* Task details *
The records that follow need to be printed exactly. Leave out each image.

(Recorded data)
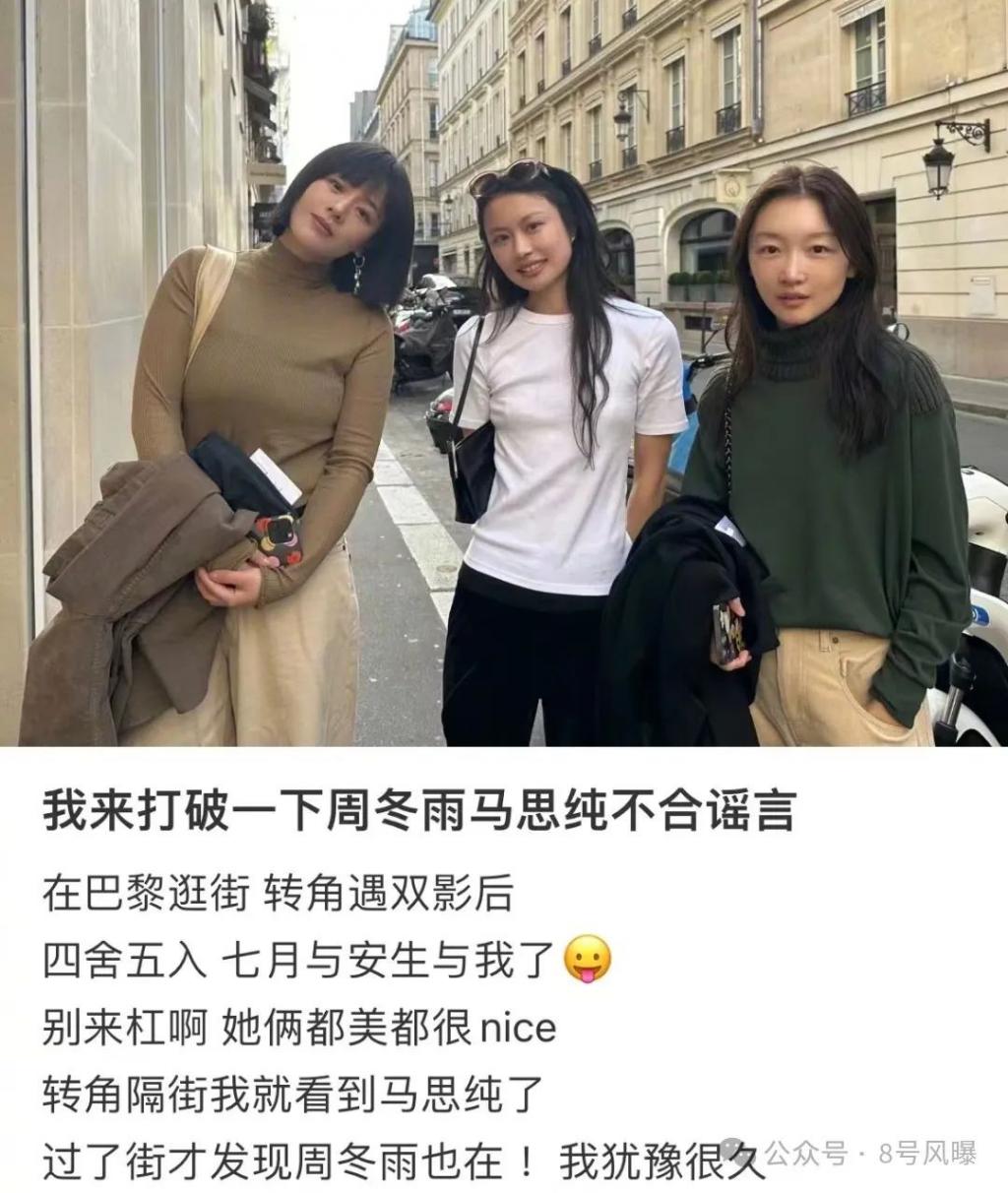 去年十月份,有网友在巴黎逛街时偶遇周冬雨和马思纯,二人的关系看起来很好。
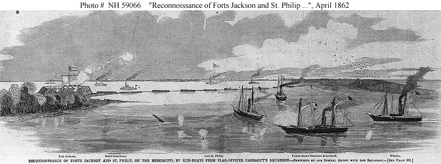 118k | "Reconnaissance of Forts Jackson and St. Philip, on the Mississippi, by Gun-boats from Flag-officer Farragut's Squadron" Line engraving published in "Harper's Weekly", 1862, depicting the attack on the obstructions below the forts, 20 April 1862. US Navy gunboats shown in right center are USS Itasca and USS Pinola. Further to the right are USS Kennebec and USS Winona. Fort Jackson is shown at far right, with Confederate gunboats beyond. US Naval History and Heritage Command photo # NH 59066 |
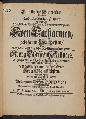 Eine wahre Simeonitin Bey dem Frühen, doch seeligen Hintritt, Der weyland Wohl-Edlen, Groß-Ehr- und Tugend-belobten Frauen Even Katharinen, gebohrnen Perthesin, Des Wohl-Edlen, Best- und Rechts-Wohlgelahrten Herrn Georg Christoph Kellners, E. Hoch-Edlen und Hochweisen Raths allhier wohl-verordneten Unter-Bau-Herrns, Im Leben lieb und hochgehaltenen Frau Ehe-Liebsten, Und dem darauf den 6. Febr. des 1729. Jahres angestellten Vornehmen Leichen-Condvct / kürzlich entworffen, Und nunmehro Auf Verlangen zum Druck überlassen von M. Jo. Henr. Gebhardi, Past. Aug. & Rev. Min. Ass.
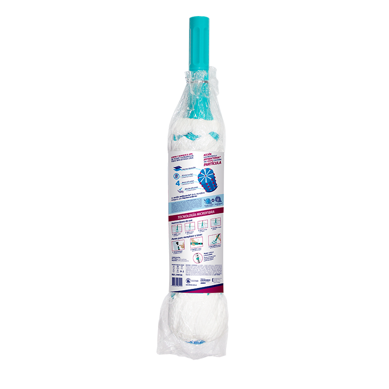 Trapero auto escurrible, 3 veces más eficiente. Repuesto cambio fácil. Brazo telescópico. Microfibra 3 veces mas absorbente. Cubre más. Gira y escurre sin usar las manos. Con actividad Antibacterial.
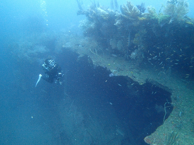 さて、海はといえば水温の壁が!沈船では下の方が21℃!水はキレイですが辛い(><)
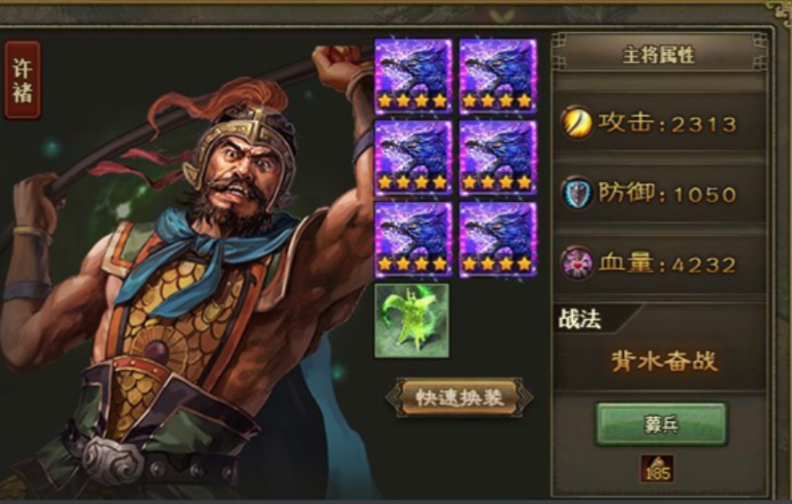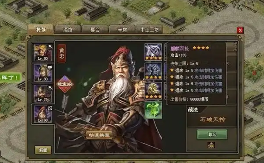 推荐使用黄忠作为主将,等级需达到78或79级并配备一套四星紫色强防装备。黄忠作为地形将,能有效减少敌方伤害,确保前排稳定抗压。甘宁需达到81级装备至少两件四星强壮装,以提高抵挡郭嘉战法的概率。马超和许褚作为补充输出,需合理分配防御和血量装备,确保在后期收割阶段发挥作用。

* Task solution *
 去年十月份,有网友在巴黎逛街时偶遇周冬雨和马思纯,二人的关系看起来很好。
 118k | "Reconnaissance of Forts Jackson and St. Philip, on the Mississippi, by Gun-boats from Flag-officer Farragut's Squadron" Line engraving published in "Harper's Weekly", 1862, depicting the attack on the obstructions below the forts, 20 April 1862. US Navy gunboats shown in right center are USS Itasca and USS Pinola. Further to the right are USS Kennebec and USS Winona. Fort Jackson is shown at far right, with Confederate gunboats beyond. US Naval History and Heritage Command photo # NH 59066 |
 Eine wahre Simeonitin Bey dem Frühen, doch seeligen Hintritt, Der weyland Wohl-Edlen, Groß-Ehr- und Tugend-belobten Frauen Even Katharinen, gebohrnen Perthesin, Des Wohl-Edlen, Best- und Rechts-Wohlgelahrten Herrn Georg Christoph Kellners, E. Hoch-Edlen und Hochweisen Raths allhier wohl-verordneten Unter-Bau-Herrns, Im Leben lieb und hochgehaltenen Frau Ehe-Liebsten, Und dem darauf den 6. Febr. des 1729. Jahres angestellten Vornehmen Leichen-Condvct / kürzlich entworffen, Und nunmehro Auf Verlangen zum Druck überlassen von M. Jo. Henr. Gebhardi, Past. Aug. & Rev. Min. Ass.
 Trapero auto escurrible, 3 veces más eficiente. Repuesto cambio fácil. Brazo telescópico. Microfibra 3 veces mas absorbente. Cubre más. Gira y escurre sin usar las manos. Con actividad Antibacterial.
 さて、海はといえば水温の壁が!沈船では下の方が21℃!水はキレイですが辛い(><)
 推荐使用黄忠作为主将,等级需达到78或79级并配备一套四星紫色强防装备。黄忠作为地形将,能有效减少敌方伤害,确保前排稳定抗压。甘宁需达到81级装备至少两件四星强壮装,以提高抵挡郭嘉战法的概率。马超和许褚作为补充输出,需合理分配防御和血量装备,确保在后期收割阶段发挥作用。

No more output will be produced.